• **SUPPLIED DATA**:
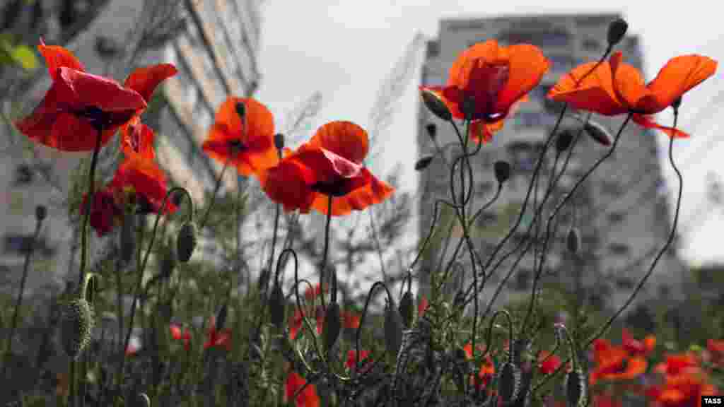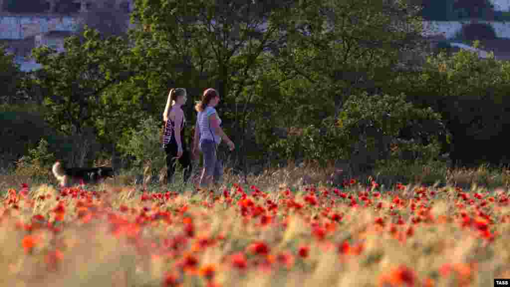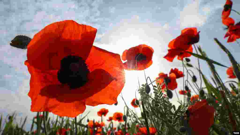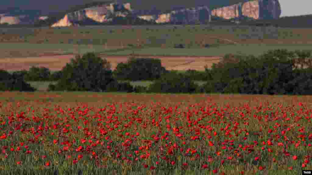 В конце мая в разных уголках Крыма зацветают маки. В этом году цветы распустились в отдельных теплых местах. Одно из маковых полей раскинулось у села Холмовка вдоль дороги на пещерный город Эски-Кермен.
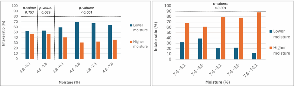 Figura 1. Efeito da umidade na palatabilidade para gatos (esquerda) e cães (direita).
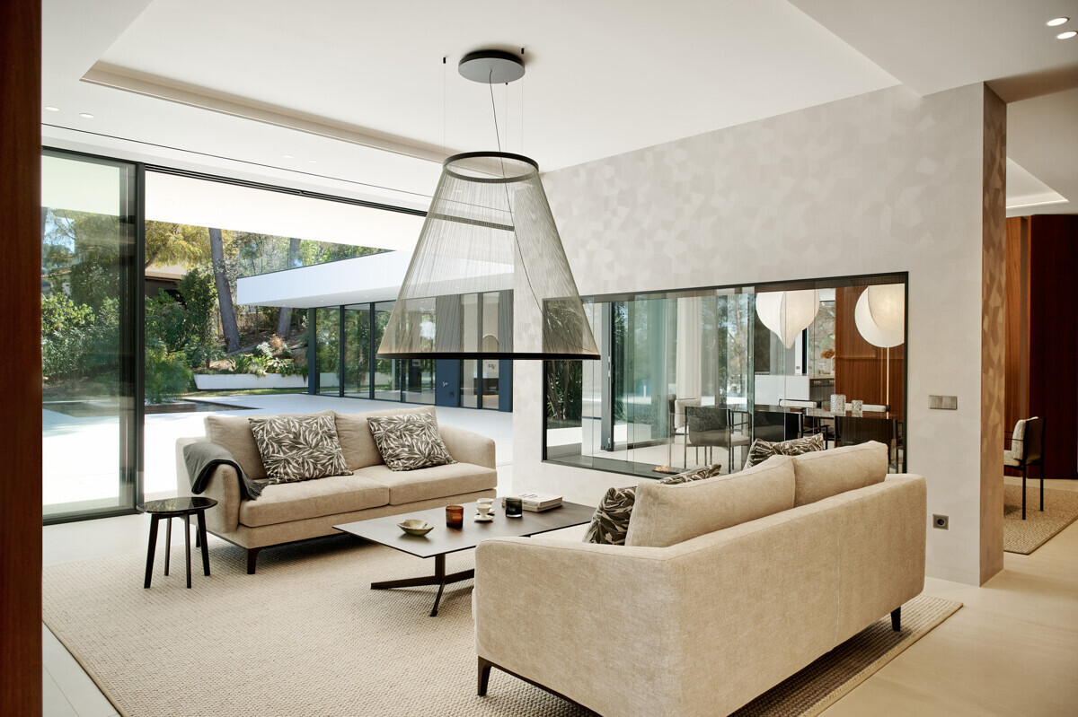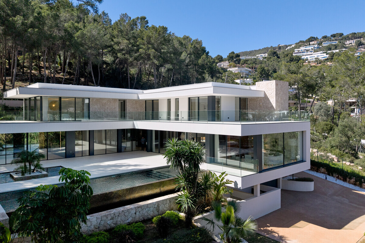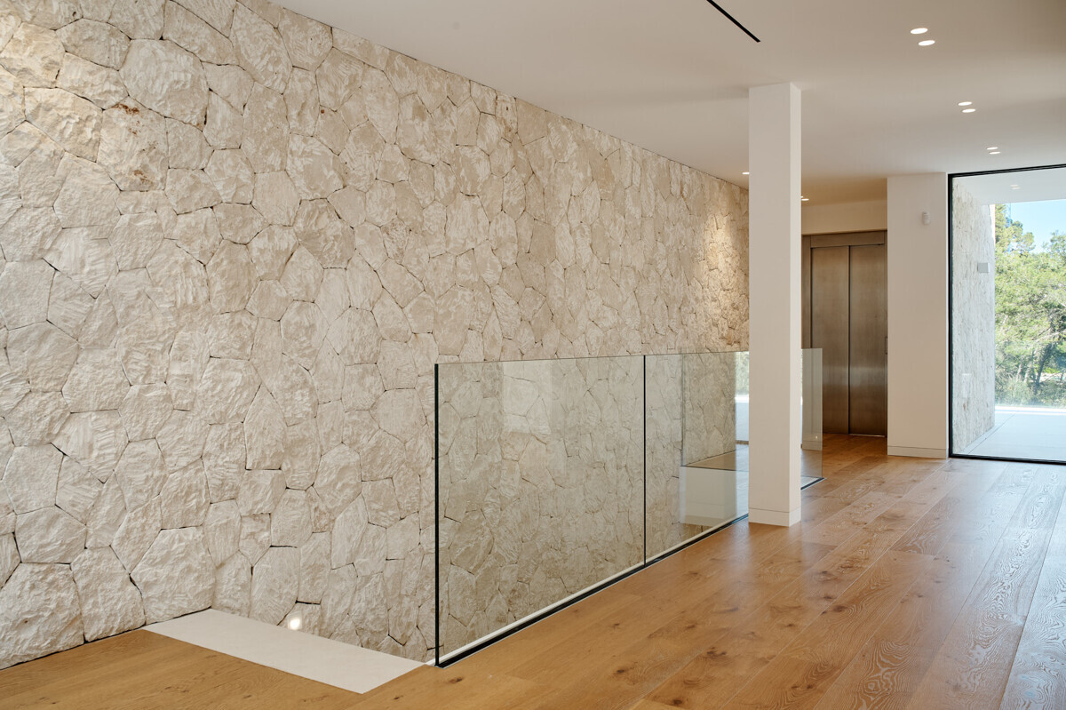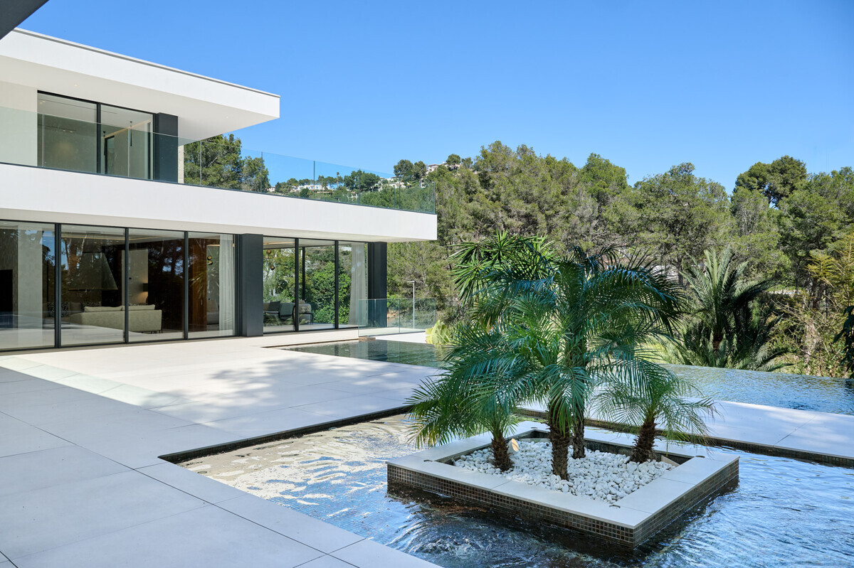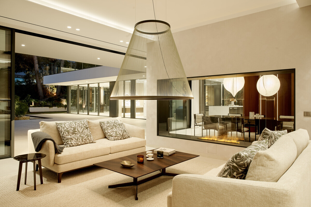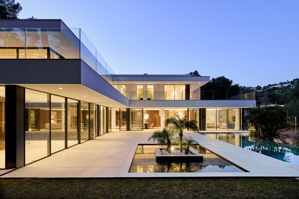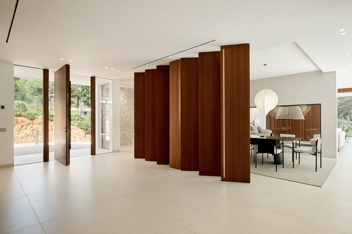 heller Eingangsbereich, Wohn- Esszimmer mit Kamin, offene Küche mit Vorbereitungsküche, Büro, 1 Schlafzimmer mit Bad en Suite, Hauswirtschaftsraum mit separatem Zugang, Gäste WC, exklusiver Spa Bereich mit Dampfsauna, Sauna, Fitnessraum, Bad und Terrasse, Poolbereich mit grosszügiger Sonnenterrasse und schön angelegter mediterraner Garten

• **WHAT YOU SHOULD DO**:
Go through the material and set it down again exactly, but without any pictures.

• **RESPONSE**:
 В конце мая в разных уголках Крыма зацветают маки. В этом году цветы распустились в отдельных теплых местах. Одно из маковых полей раскинулось у села Холмовка вдоль дороги на пещерный город Эски-Кермен.
 Figura 1. Efeito da umidade na palatabilidade para gatos (esquerda) e cães (direita).
 heller Eingangsbereich, Wohn- Esszimmer mit Kamin, offene Küche mit Vorbereitungsküche, Büro, 1 Schlafzimmer mit Bad en Suite, Hauswirtschaftsraum mit separatem Zugang, Gäste WC, exklusiver Spa Bereich mit Dampfsauna, Sauna, Fitnessraum, Bad und Terrasse, Poolbereich mit grosszügiger Sonnenterrasse und schön angelegter mediterraner Garten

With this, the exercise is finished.